C’est encore plus caricatural chez les rédacteurs : les cadres atteignent les 40 % dans les directions de l’information, avec 149 rédacteurs en chef ou rédacteurs en chef-adjoint. Ce dont s’étonnent les enquêteurs de la Cour. Selon les chiffres de 2014, on comptait à France Télévisions 10 131 salariés dont 6013 personnels PTA et 2641 journalistes. Soit le même nombre qu’il y a six ans et malgré deux plans sociaux 6. Les cadres représentaient exactement 62,77 % des effectifs. Comment ne pas s’étonner un peu avec les magistrats de la CDC en constatant un point de détail : « il y a trois fois plus de cadres chez France Télévisions que dans les entreprises françaises » ?

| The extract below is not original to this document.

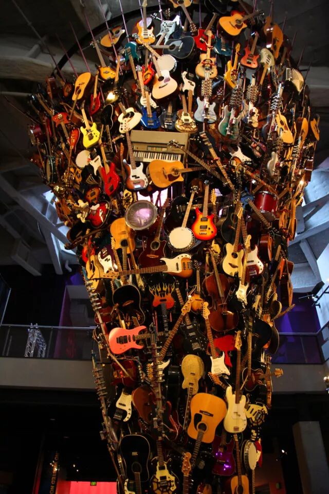 走進館內,高科技技術隨處可見,由七百件吉他打造的吉他柱子,更是壯觀非凡。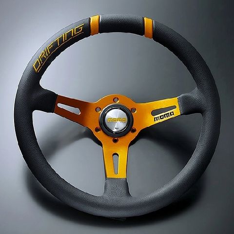 MOMO/モモ DRIFTING ステアリング ブラックレザー/オレンジスポーク(オレンジステッチ) 330mm/85mm DEEP

La multiplication des émissions « correctes » ne parvient toutefois pas à combler les trous financiers qui se maintiennent. Les enquêteurs ont rappelé que le « déficit d’exploitation » était de 30,1 millions d’euros. Ils parlent joliment d’une « trésorerie négative » (depuis 2015) et considèrent ce point comme « très significatif » et signe de « fragilités structurelles ». Même pour un François Hollande la chose devrait être évidente. Pour rester objectifs, il nous faut reconnaître que l’Etat a de lourdes responsabilités dans cette situation. Depuis 2012, il n’a pas honoré les dotations auxquelles il s’était engagé. Selon la formule connue : « C’est pas cher, c’est l’Etat qui paie ».